* _ASSIGNMENT_
What you should give back is a precise copy of the lines below from the one containing "- история событий с домофона" through the one containing "只要注册过建行裕农通的用户,建行余额较上", with no pictures.

* _PROVIDED RECORDS_
--- START ---
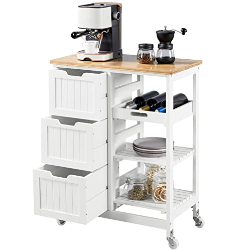 SoBuy Kitchen Island on Wheels, Free Standing Kitchen Trolley Storage Unit with 3 Drawers and Removable Tray, Butchers Block Trolley, White, W67xD37xH84cm, FKW79-W
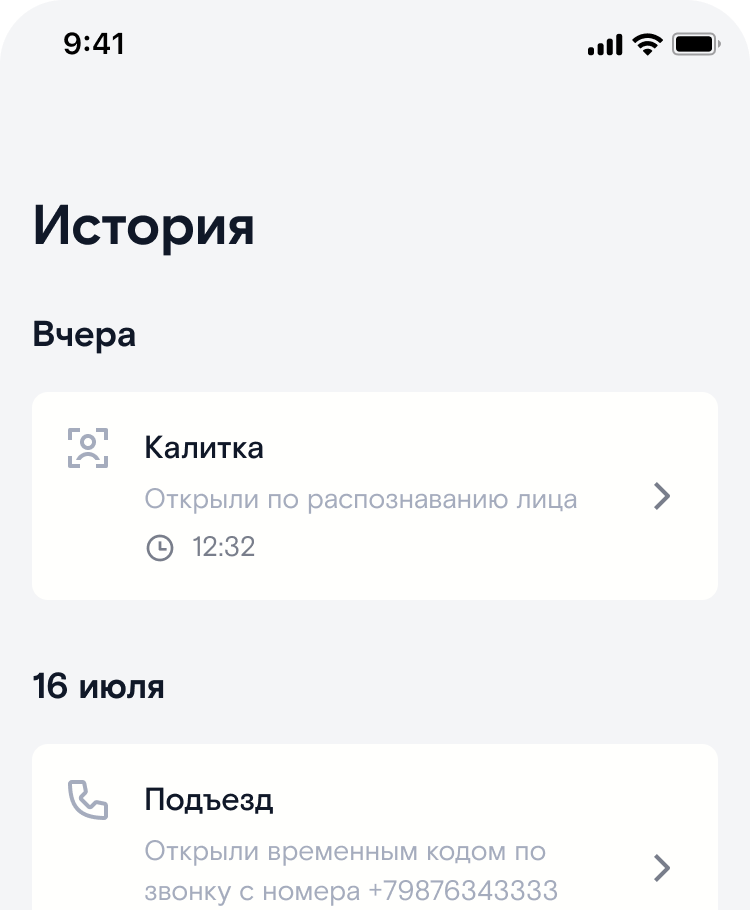 - история событий с домофона
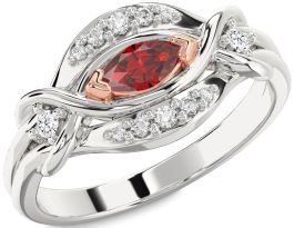 Diamond Ruby White Rose Gold Marquise Promise Ring
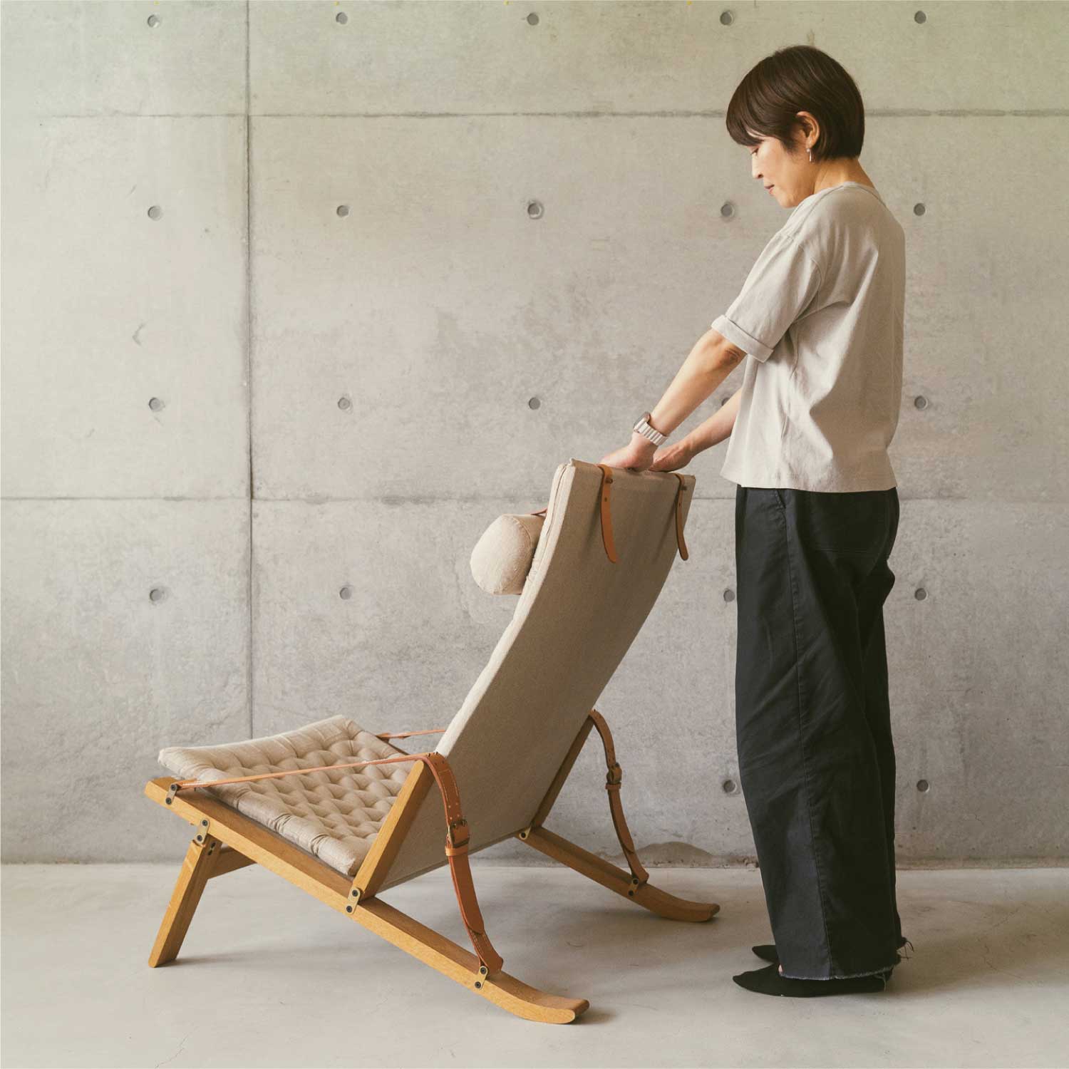 この椅子のコンセプトは使用しない時に場所をとらず、しかもコンフォートに優れたラウンジチェア。
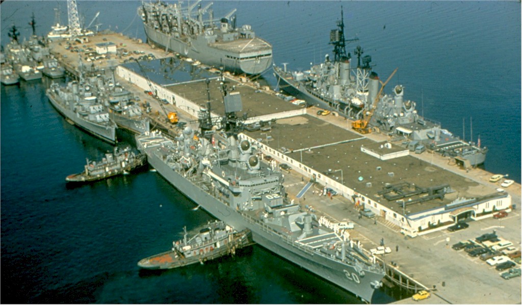 | 168k | USS Richmond K. Turner (CG-20) and behind her with the yellow crane is the USS Joseph P. Kennedy, Jr (DD-850). Early 1972 at Pier 2 in Newport, RI prior to decommissioning. Navy Photo CTR--K-101613. | Ed Zajkowski | |
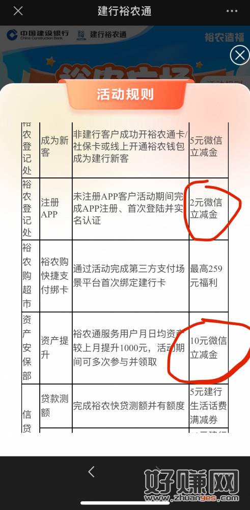 只要注册过建行裕农通的用户,建行余额较上月提升1000元,就可以领1次10元微信立减金,能领2个10元的是2个月份达标
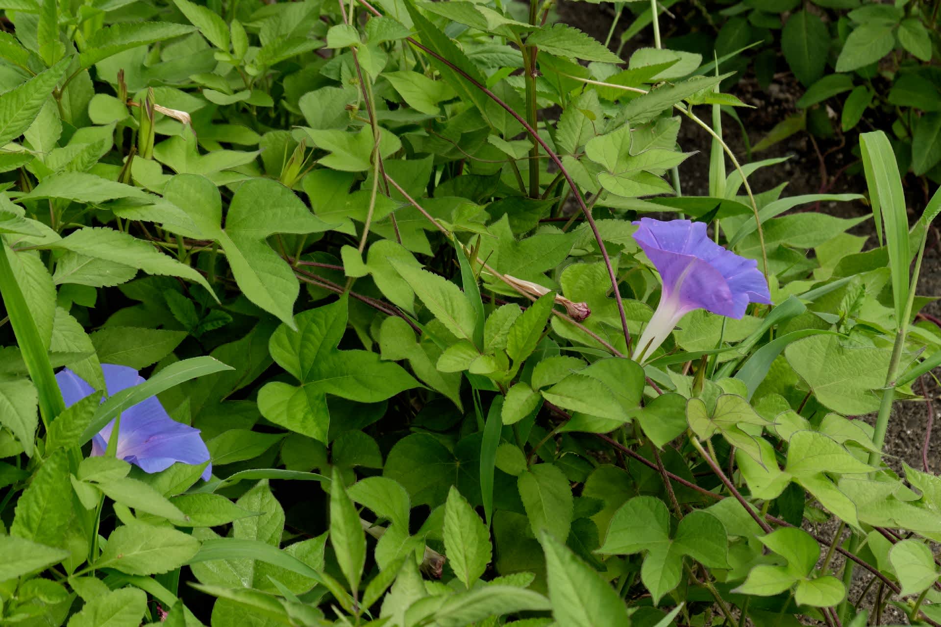 ボーッとしていたらやっと朝顔が咲きだす。誘引に失敗していたのでただの草むらで咲き始めてしまった。それでも今朝はフェンスを這い登った花が咲きだす。来年はちゃんと棚を作ろう。
--- END ---
* _WRITTEN RESPONSE_
 - история событий с домофона
 Diamond Ruby White Rose Gold Marquise Promise Ring
 この椅子のコンセプトは使用しない時に場所をとらず、しかもコンフォートに優れたラウンジチェア。
 | 168k | USS Richmond K. Turner (CG-20) and behind her with the yellow crane is the USS Joseph P. Kennedy, Jr (DD-850). Early 1972 at Pier 2 in Newport, RI prior to decommissioning. Navy Photo CTR--K-101613. | Ed Zajkowski | |
 只要注册过建行裕农通的用户,建行余额较上月提升1000元,就可以领1次10元微信立减金,能领2个10元的是2个月份达标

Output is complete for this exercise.